After these tea leaves are picked, they are flash heated to stop the oxidation process. Not all of the moisture and bacteria is removed, however, which is how the fermentation process starts. These leaves are pressed into cakes or bricks and sold “raw.” Over time this natural product goes through the intricate process of fermentation and maturation.
Like all tea varieties, Pu-erh contains many antioxidants, but because of this unique process, it also has health benefits not found in other teas. There hasn’t been as much research done on Pu-erh as on other teas (such as green), but it has been confirmed that drinking Pu-erh tea can reduce the nasty type of cholesterol known as LDL.
It is known to activate theta brain waves (the ones that occur during light sleep or deep meditation) and so can very quickly serve to relax you by calming your nerves. Pu-erh contains a significant amount of GABA which is an excellent stress reducer.

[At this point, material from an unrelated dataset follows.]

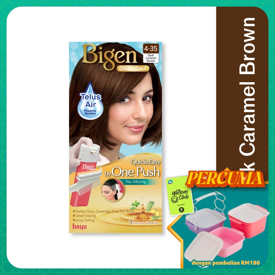 Bigen Cream Color is designed especially for women who want to color hair easily and quickly. It takes just a press of a finger to dispense the two cream simultaneously onto the Special Comb Brush. Your preparation is now simpler because there is no need to premix the two creams anymore. The remainder cream can be stored, so that it is very economical. Bigen is a Quick, Easy and Convenient way to color your hair and cover your gray as you wish.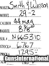 Description: Smith & Wesson 29-2 .44 Mag SOLD Serial Number: N665310 Barrels: 8 3/8 |

This tea also is deemed to benefit those suffering from metabolic syndrome. Due to the cell repairing compounds that it contains, Pu-erh tea reduces heavy metal consumption in the body. It is believed that drinking Pu-erh tea can also aid in digestion, and will accelerate fat burning.
Isn’t it amazing that such completely different varieties of tea emerge from just one plant?! Each boasting its unique flavor, aroma, and antioxidants! So go ahead, it is certainly worth experimenting with different kinds to see which tea suits you best!